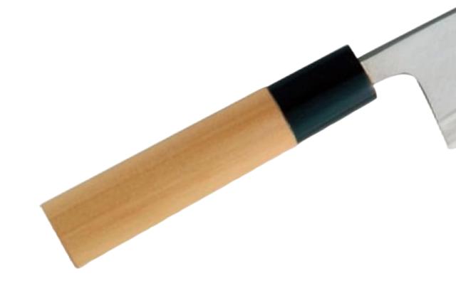 口金には水を吸うと締る性質を持った水牛角を使用しています。錆びに敏感な和包丁は、水分を良く拭き取って乾燥させる事が錆び防止への第一歩です。
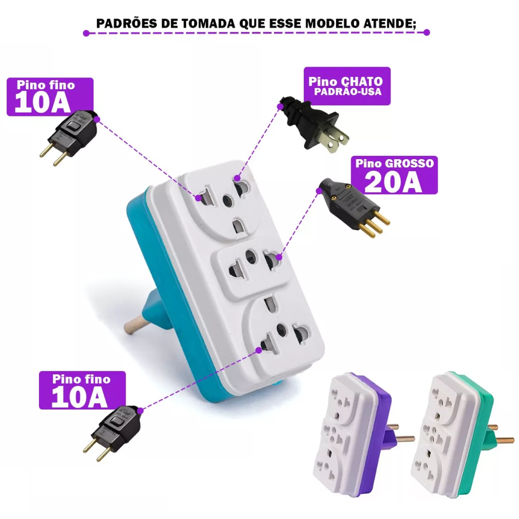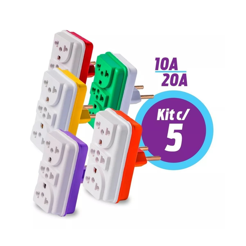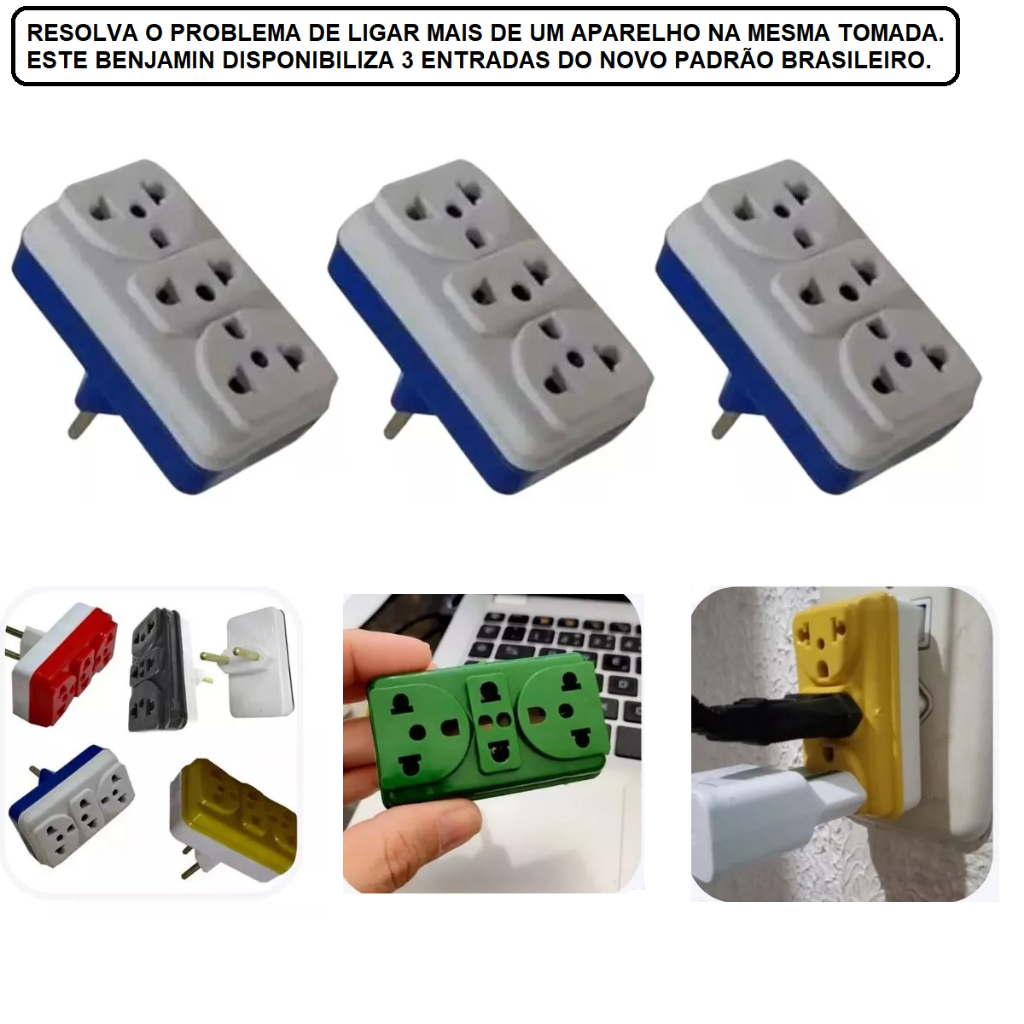 Kit 10 Adaptador de Tomada Benjamin T Triplo Colorido Universal 3 Entradas 10A 20A para Casa
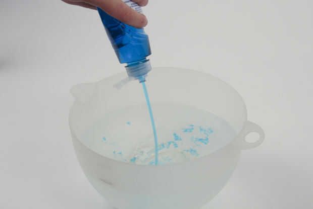 Esto no es una ciencia exacta, uso jabón azul porque me permite ver cuánto he añadido a un baño de agua, aproximado de que utilicé 4 onzas de jabón en 64 onzas de agua.
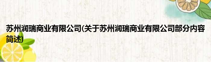 苏州润瑞商业有限公司(关于苏州润瑞商业有限公司部分内容简述)
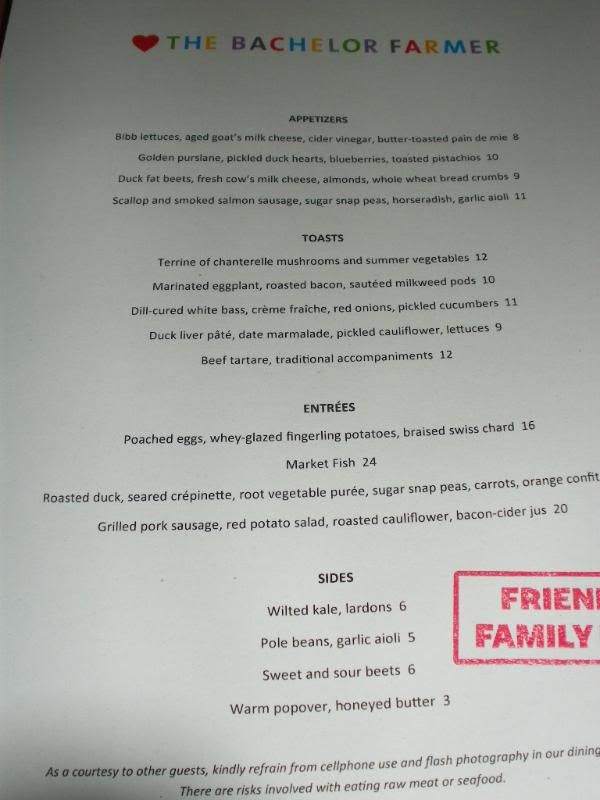 So, my youngest sister was in town last week so we took her to The Bachelor Farmer. First thing I noticed was the faint smell of manure and hay as soon as we walked in. My sisters didn't seem to notice or chose not to notice. I wonder if it's to make the place seem more "authentic" as if you're actually on a farm. The decor was simple and rustic. Though the place did remind me of ABC Kitchen in the Flatiron District when I was in NY back in April. Only major differences, ABC's decor was more "barn-chic", the ambiance was more warmer and modernly rustic (the tables and chairs were made from reclaimed materials), more trendy, much better looking people, most likely be dinning next to a celebrity, and food taste better. Both places have the popular and so-called farm-to-table concept, contrastingly ABC Kitchen serves New American and The Bachelor Farmer serves Scandinavian food.
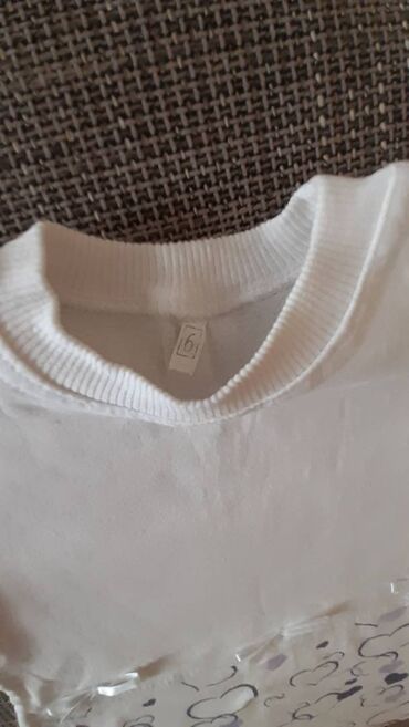 Dečja tunika, veličina 6. Belo gornjište sa dugim rukavima i okruglim
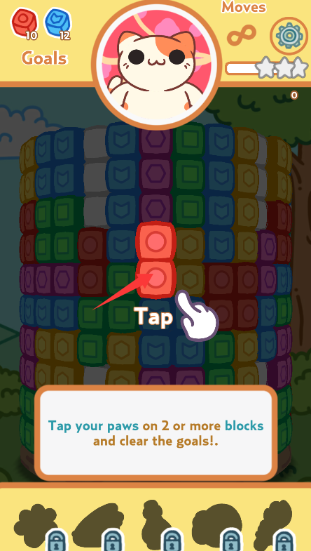 1、按照游戏给出的提示,点击两个及以上颜色相同的方块,使它们相互消除。
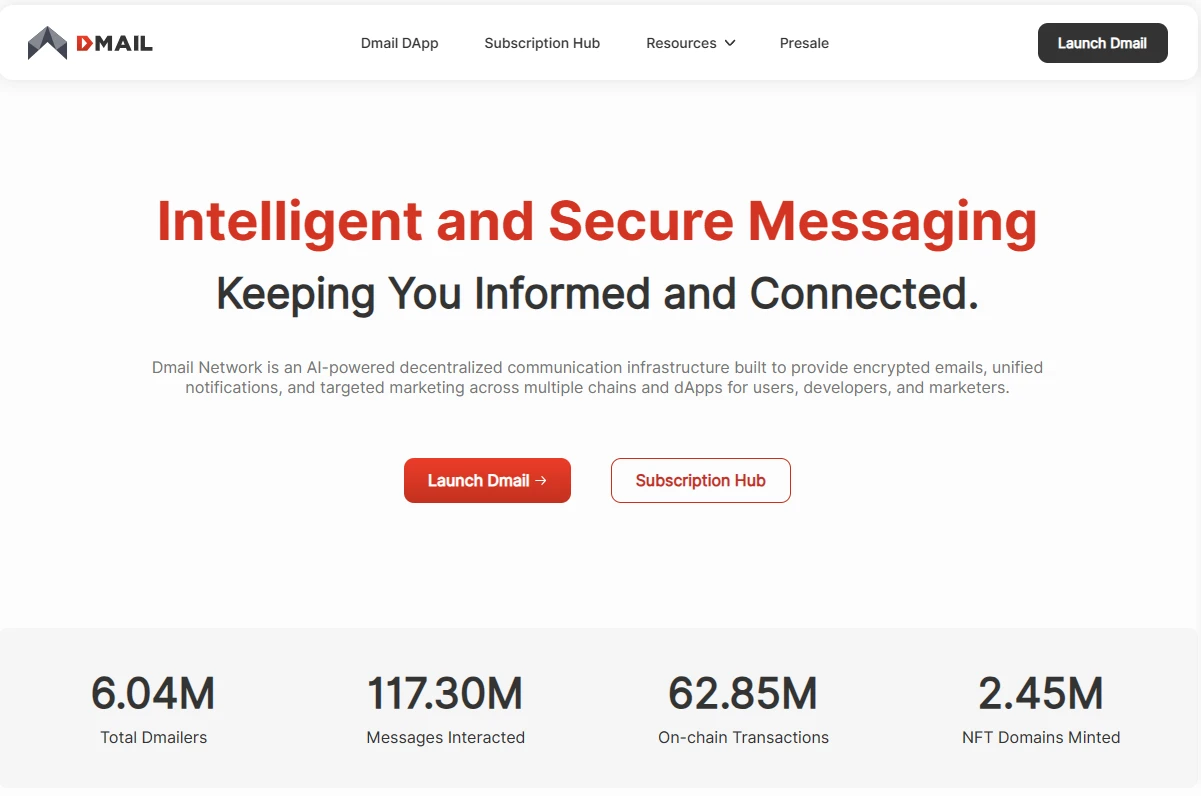具体而言,Dmail 打造 AI 驱动的去中心化通信平台,提供加密的电子邮件服务、统一的通知系统和量身定制的营销解决方案,无缝跨越多个区块链网络和去中心化应用程序(dApp),满足 Web3 领域用户、开发人员、营销人员和影响者的需求。
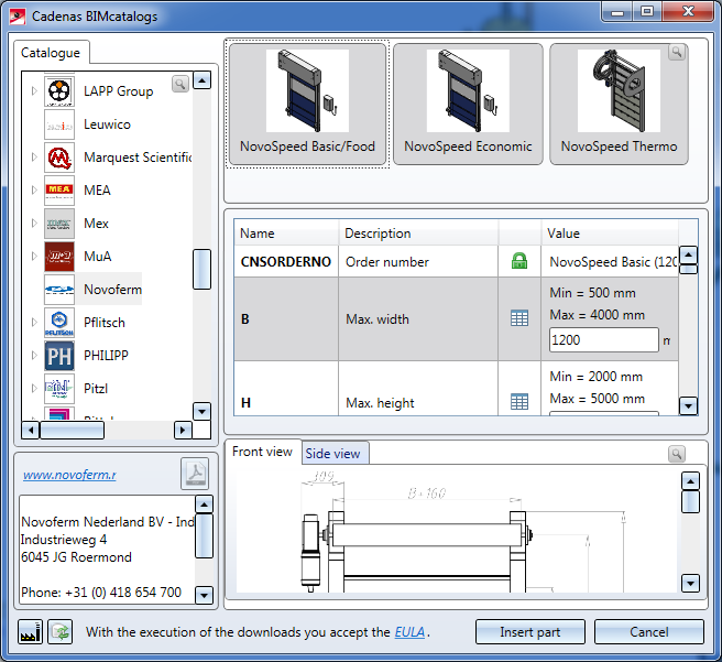If you have Internet access, the product catalogue BIM catalogs.net by CADENASPartSolutions will be available to you. To access the catalogue, open the Drawing tab and choose Insert Part > Exp.
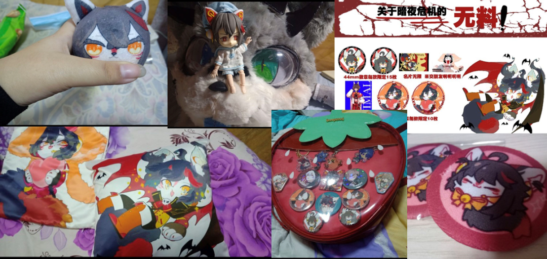 一些兽迷会使用兽设形象制作抱枕、立牌、挂件、徽章等。
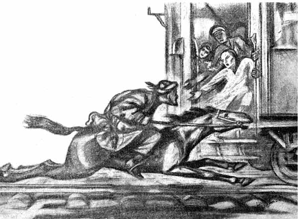 Опять садились в поезд, сходили с рельс, шли пешком, скакали на лошадях.
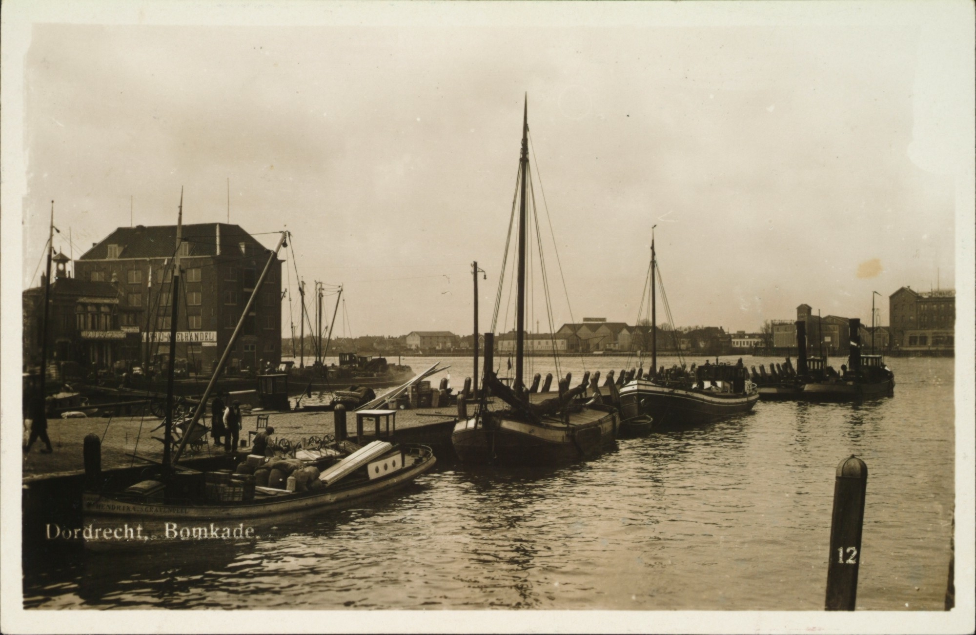 De Leuwehaven en pakhuis Vredenburg op de hoek van de Bomkade en de Buiten Kalkhaven.
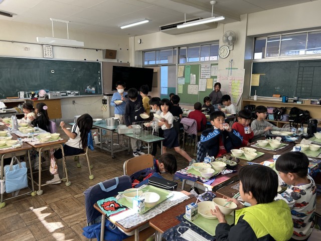 今日は、交流給食で、1・4年生、2・5年生、3・6年生がいっしょに給食を食べました。最初は、みんなお腹が空いていたようで黙々と食べていましたが、落ち着いてきたら、お話しながら、和気あいあいと食べていました。その後は、短い時間でしたが、クイズやジェスチャーゲームなどして、遊びを通して交流を深めていました。

────────────────────────────────────────

WHAT THE EXERCISE ASKS: Print exactly the lines from the one containing "Опять садились в" through the last line of the records, both included, and leave out the pictures.

FINAL ANSWER:
 Опять садились в поезд, сходили с рельс, шли пешком, скакали на лошадях.
 De Leuwehaven en pakhuis Vredenburg op de hoek van de Bomkade en de Buiten Kalkhaven.
 今日は、交流給食で、1・4年生、2・5年生、3・6年生がいっしょに給食を食べました。最初は、みんなお腹が空いていたようで黙々と食べていましたが、落ち着いてきたら、お話しながら、和気あいあいと食べていました。その後は、短い時間でしたが、クイズやジェスチャーゲームなどして、遊びを通して交流を深めていました。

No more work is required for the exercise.